8 is the minimum, with the following claims:

  1. In the worst case, the result of comparison can only be one of the two possibilities (left heavier or right heavier), since equality might not be present and hence we can't rely on that.
  2. Therefore one weighting gives 1 bit of information.
  3. There are 201 possible outcomes (each ball is a candidate of the median), which can't be encoded in 7 bits (7 bits give at most 128 possible outcomes)
  4. Therefore the minimum possible number of weightings is 8.
  5. Now it's left for us to prove that there is a solution with 8 weightings.

The 8 weightings

Per Manne almost gets it correct, it's just that things get trickier after the sixth weighting.

So, assuming the same thing as what Per Manne has said (using left sack to store balls which are certainly lighter than the middle ball, and right sack to store those which are heavier), the procedure to find the $(k+1)$-th ball for $k$ white balls ($w_1, w_2, \ldots, w_k$) and $k'$ black balls ($b_1, b_2, \ldots, b_{k'}$), where $k'$ is either $k$ or $k+1$, is as follows.

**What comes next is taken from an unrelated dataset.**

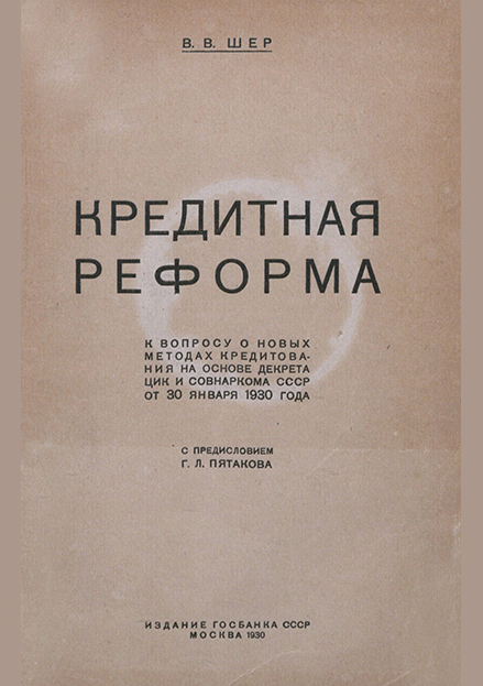 Шер, В.В. Кредитная реформа : К вопросу о новых методах кредитования на основе Декрета ЦИК и Совнаркома СССР от 30 января 1930 г. / В.В. Шер. — Москва : Издание Госбанка СССР, 1930. — 102 с.. — 0.50 р.

  1. Let $m = \lceil\frac{k+1}{2}\rceil$ and $n = \lceil\frac{k'+1}{2}\rceil$
  2. Compare $w_m$ with $b_n$
    1. If $w_m > b_n$ then put $b_1, b_2, \ldots, b_{n-1}$ on left sack and $w_m, w_{m+1}, \ldots, w_{k}$ on right sack
    2. If $w_m < b_n$ then put $w_1, w_2, \ldots, w_{m-1}$ on left sack and $b_n, w_{n+1}, \ldots, b_{k'}$ on right sack
  3. Rename the balls, repeat to step 1 until we have 4 balls left (follow Per Manne's answer for more details) - you can actually continue this procedure until you get the result; the following steps are only for clarity.
  4. At 4 balls at two balls each (we have done 6 weightings up to this point), we have these 6 possible combinations:
    1. $w_1, w_2, b_1, b_2$
    2. $w_1, b_1, w_2, b_2$
    3. $b_1, w_1, w_2, b_2$
    4. $w_1, b_1, b_2, w_2$
    5. $b_1, w_1, b_2, w_2$
    6. $b_1, b_2, w_1, w_2$
  5. Note that at this time we have one more ball in right sack compared to left sack, so we are looking for the third element here.
  6. Compare $w_2$ with $b_2$ (actually you would do this also if you follow step 1-4 above, this is just for clearer explanation)
    1. If $w_2 > b_2$ then we have either of the case (4), (5), or (6)
    2. If $w_2 < b_2$ then we have either of the case (1), (2), or (3)
  7. At both case, we have three possibilities left. Since the two cases are analogous, we take the first three (1), (2), and (3).
  8. Compare $w_2$ and $b_1$.
    1. If $w_2 > b_1$ then the third element is $w_2$
    2. If $w_2 < b_1$ then the third element is $b_1$
  9. Done

Note that after step 5 (that is, after 6 weightings), we only do two more weightings (step 6 and step 8), totaling to 8 weightings.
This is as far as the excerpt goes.